— Problem requirements —
What is needed is an exact copy of the whole listing below, with no pictures.

— Data below —
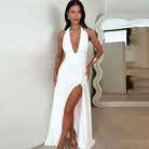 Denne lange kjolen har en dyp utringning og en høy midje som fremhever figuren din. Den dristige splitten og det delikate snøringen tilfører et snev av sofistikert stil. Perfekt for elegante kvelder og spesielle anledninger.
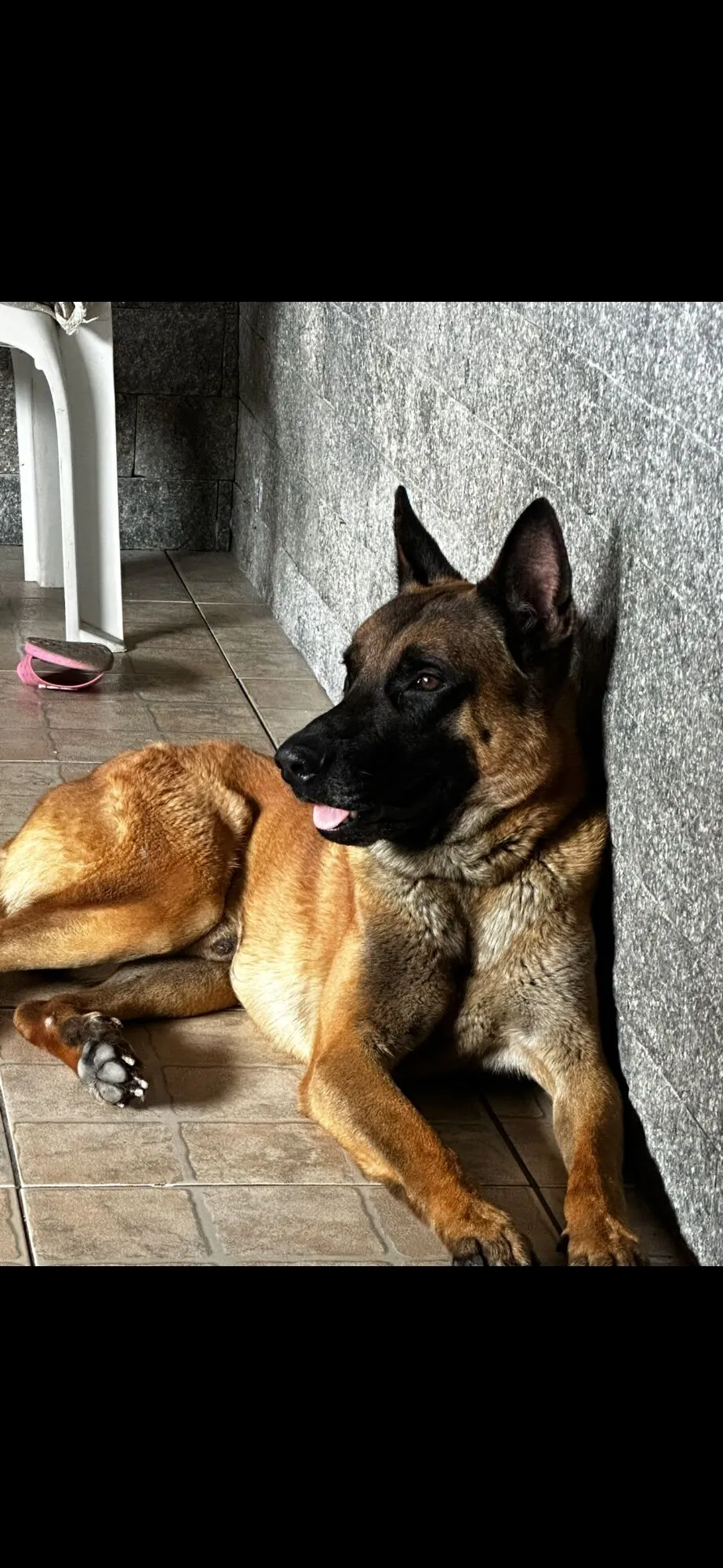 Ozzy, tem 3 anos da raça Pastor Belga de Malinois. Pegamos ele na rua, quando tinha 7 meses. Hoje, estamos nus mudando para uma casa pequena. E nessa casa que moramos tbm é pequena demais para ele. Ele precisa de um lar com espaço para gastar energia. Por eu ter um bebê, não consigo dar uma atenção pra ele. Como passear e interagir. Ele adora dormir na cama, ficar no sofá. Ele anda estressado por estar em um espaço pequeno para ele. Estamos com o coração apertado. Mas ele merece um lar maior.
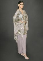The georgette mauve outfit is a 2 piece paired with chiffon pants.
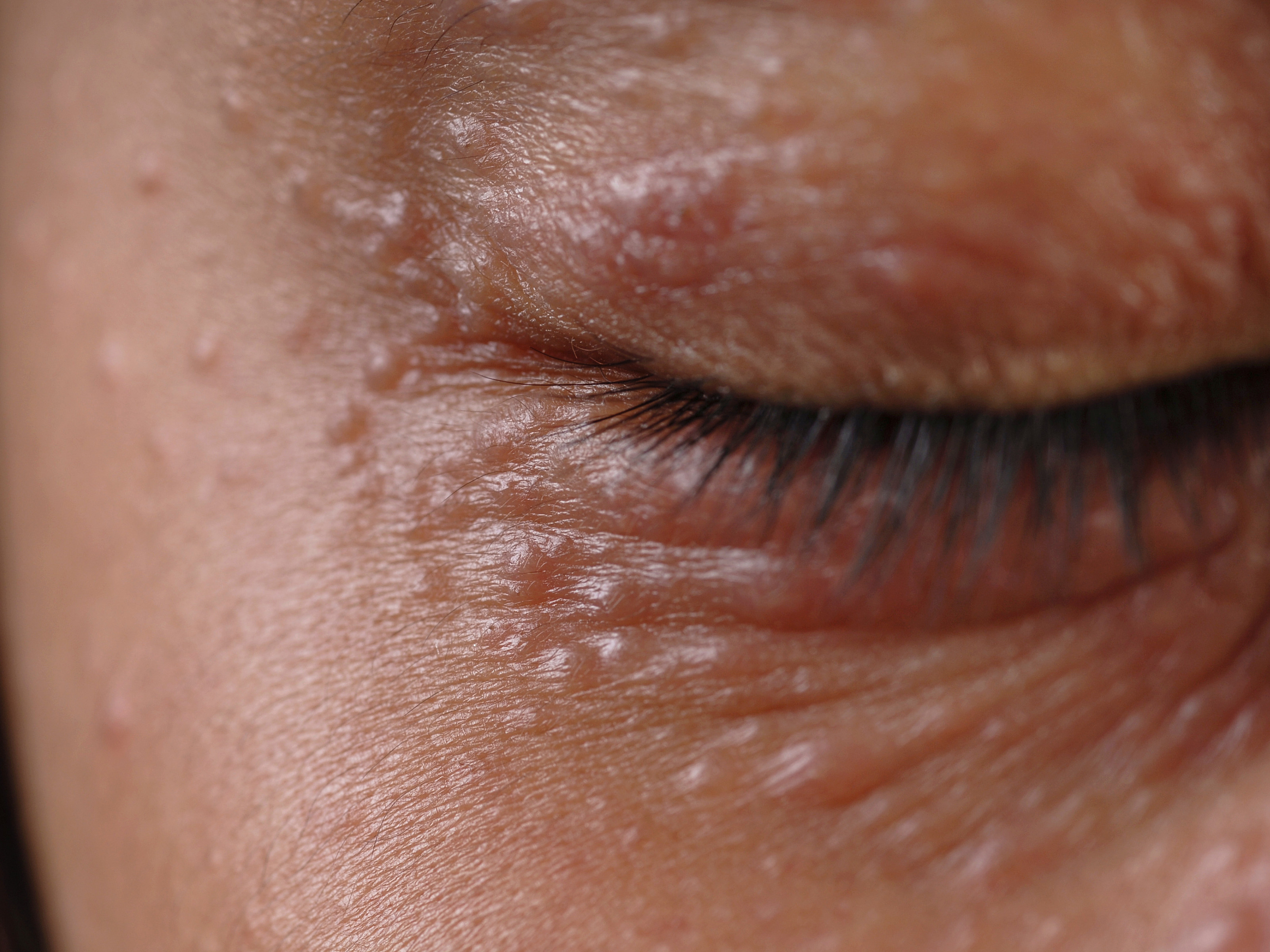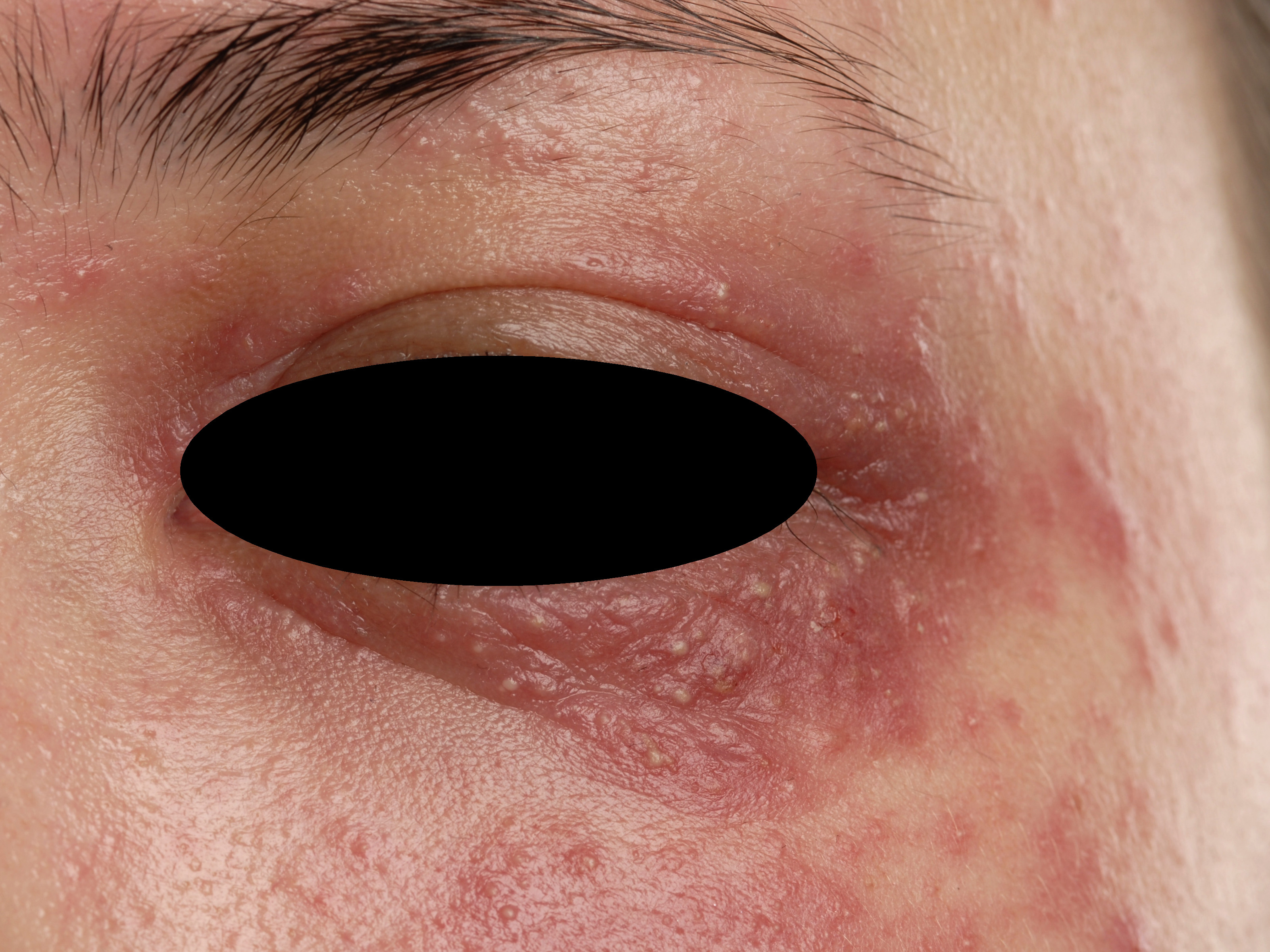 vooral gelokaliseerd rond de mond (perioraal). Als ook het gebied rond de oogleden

— Task response —
 Denne lange kjolen har en dyp utringning og en høy midje som fremhever figuren din. Den dristige splitten og det delikate snøringen tilfører et snev av sofistikert stil. Perfekt for elegante kvelder og spesielle anledninger.
 Ozzy, tem 3 anos da raça Pastor Belga de Malinois. Pegamos ele na rua, quando tinha 7 meses. Hoje, estamos nus mudando para uma casa pequena. E nessa casa que moramos tbm é pequena demais para ele. Ele precisa de um lar com espaço para gastar energia. Por eu ter um bebê, não consigo dar uma atenção pra ele. Como passear e interagir. Ele adora dormir na cama, ficar no sofá. Ele anda estressado por estar em um espaço pequeno para ele. Estamos com o coração apertado. Mas ele merece um lar maior.
The georgette mauve outfit is a 2 piece paired with chiffon pants.
 vooral gelokaliseerd rond de mond (perioraal). Als ook het gebied rond de oogleden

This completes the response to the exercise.